All these symptoms made me feel (still do) ugly, self conscious and hopeless. I continued to work full time, but then comments started... "You don't look very well"..."You've lost too much weight"...."You look like your going bald"....YES believe it or not a young guy actually said that. It destroyed me.

The trouble is I've worked at the company for years, so they have seen me go through loosing my sister. Also my sister worked at the company many years ago, so there is some association there. I just feel as though everyone is looking at me thinking what a mess I've become, especially since loosing my sister. My personality and behavior is totally different now, I used to be happy go lucky and fun, but now I keep myself to myself and don't like to look people in the eyes. I feel ugly and insecure.

Because I'm a very private person, I chose not to disclose my medical treatment to the company, or my collegues, but believe me they are not the sort of people I can trust. The office environment is very *****y and people are generally very too faced.

Anyway, the final straw was finding out I was actually pregnant four days after what I believed to be my period had started, only to then be told I was likely to miscarry. I did a week later. That was the second darkest week of my life.

After that I just couldn't face work. I had no strength and still don't.

I really don't know what to do, my partner and family will support me what ever I decide, but ultimately the decision to go back, or not is mine... if only it was that easy!! I'm very indecisive anyway, but this is a big step for me.  My family are frustrated I can't make a decision, but I know Ii have too otherwise it will be made for me and this will be so much worse.

If it wasn't for the money I'd leave for sure, but i'm worried that if I leave now I wont have the confidence to find another job. Also as we've decided its best for me to reduce my hours that could be difficult when looking for another job... And there is the maternity pay to think about if I was to fall pregnant...

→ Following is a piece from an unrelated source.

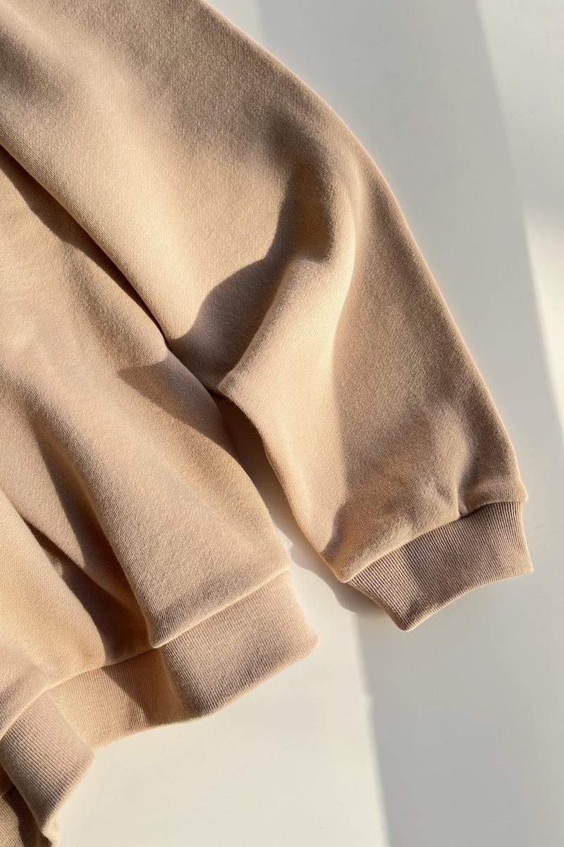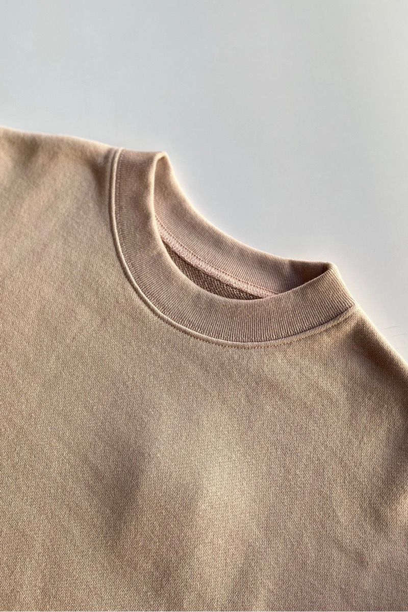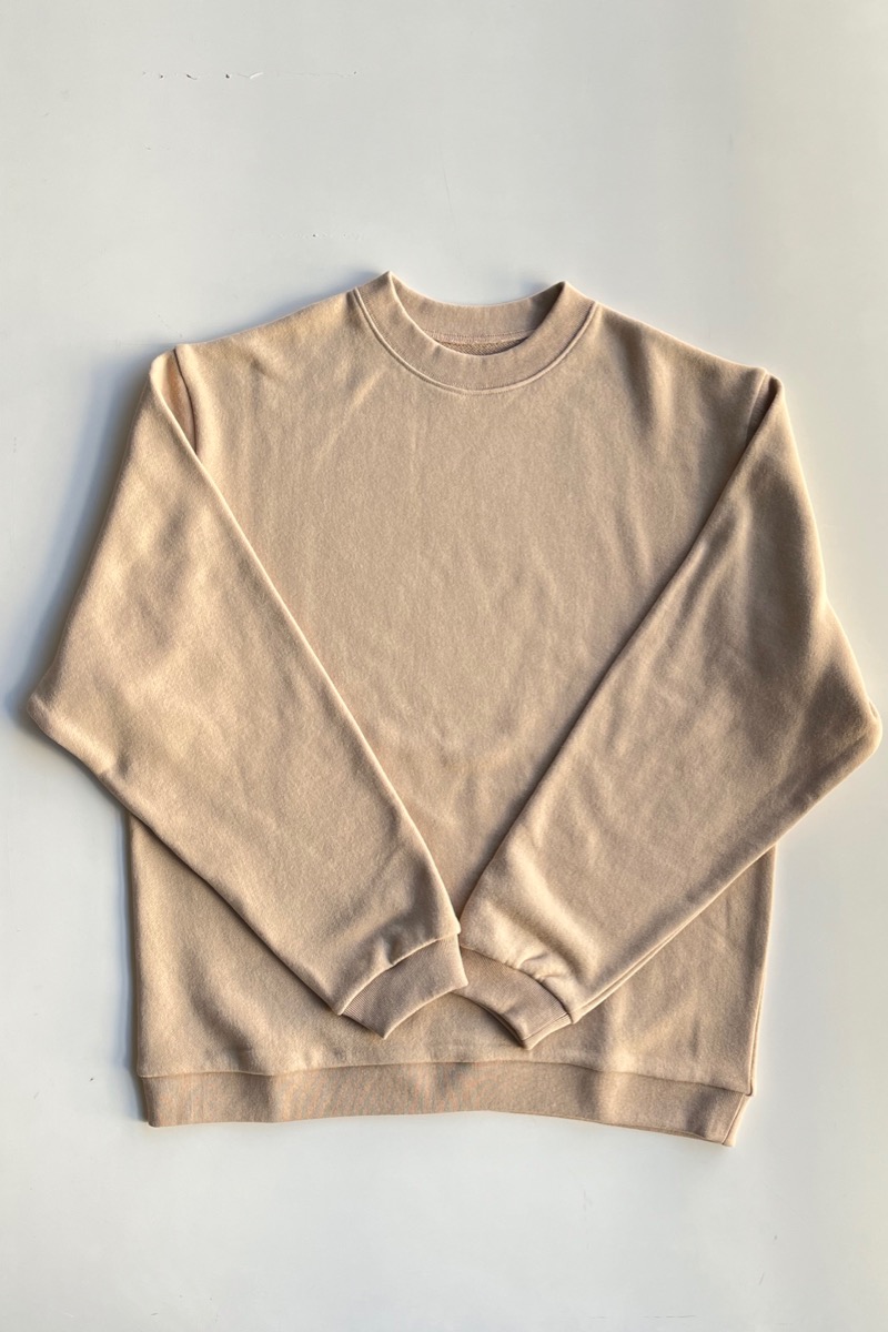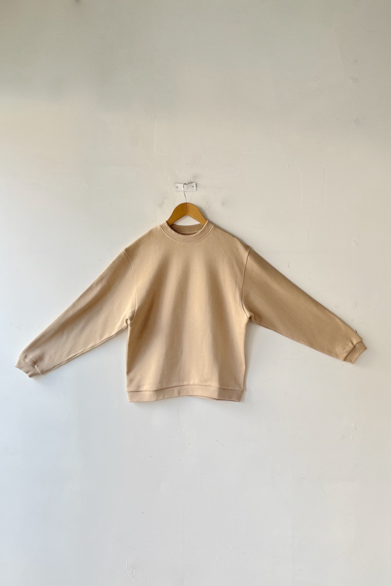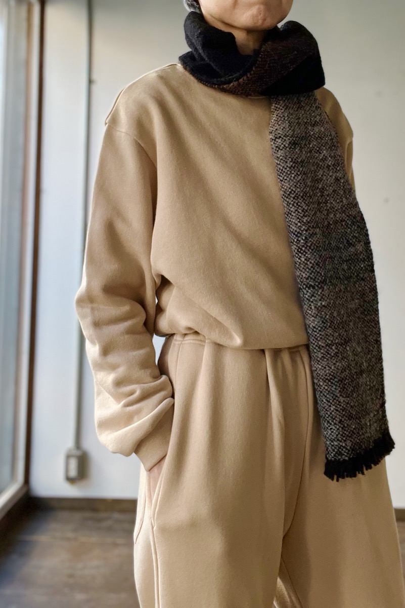 素材 綿100%(インド超長綿) カラー ベージュ(明るいベージュ) チャコール サイズ S *ユニセックスのS、M、Lサイズの展開ですが、 サスコンではSサイズの取り扱いになります。 Sサイズ 肩幅 46 身幅 52.5 着丈 63 袖丈 53 裾幅 46 (cm) *伸縮性のある素材ですが、伸ばさず平置きした状態で測りました。 個体差がございます。多少の誤差はご了承くださいませ。 2026年、春の新作。 シンプルなカタチのロロのスエットは インド超長面を使用した、中肉の裏毛を使用しています。 とても柔らかく、なめらかな肌ざわりです。 何気ないけど、詰まった首元、ゆるめのシルエットが雰囲気あります。 ベージュ(明るいベージュ) 衿、袖口、裾にフライスを使っています。 裾のフライスはあまり絞っていないので、ウエストが締め付けられることはありません。 チャコール スエットパンツとセットアップにもなります。 身長160センチ 上下ともベージュのSサイズ着用 コーディネイト ゴーシュ ベビーアルパカウールストール ※パソコンのモニター環境により、商品の色味が実物と異なって見える場合がございます。 予めご了承ください。

Something has to change. My counsellor is almost certain I will leave, its just a case of when... 

He said I should face my demons and go back atleast to give it a try. He said I should go to get closure one way or another.

I should also mention because I chose not to tell my team members whats going on with me, they weren't actually speaking to me before I left, which doesn't help my anxiety about going back! I think they believe me to be receiving special treatment and getting away with sickness. The company has been very good with allowing me the time off, but the people I have to work with are not so forgiving.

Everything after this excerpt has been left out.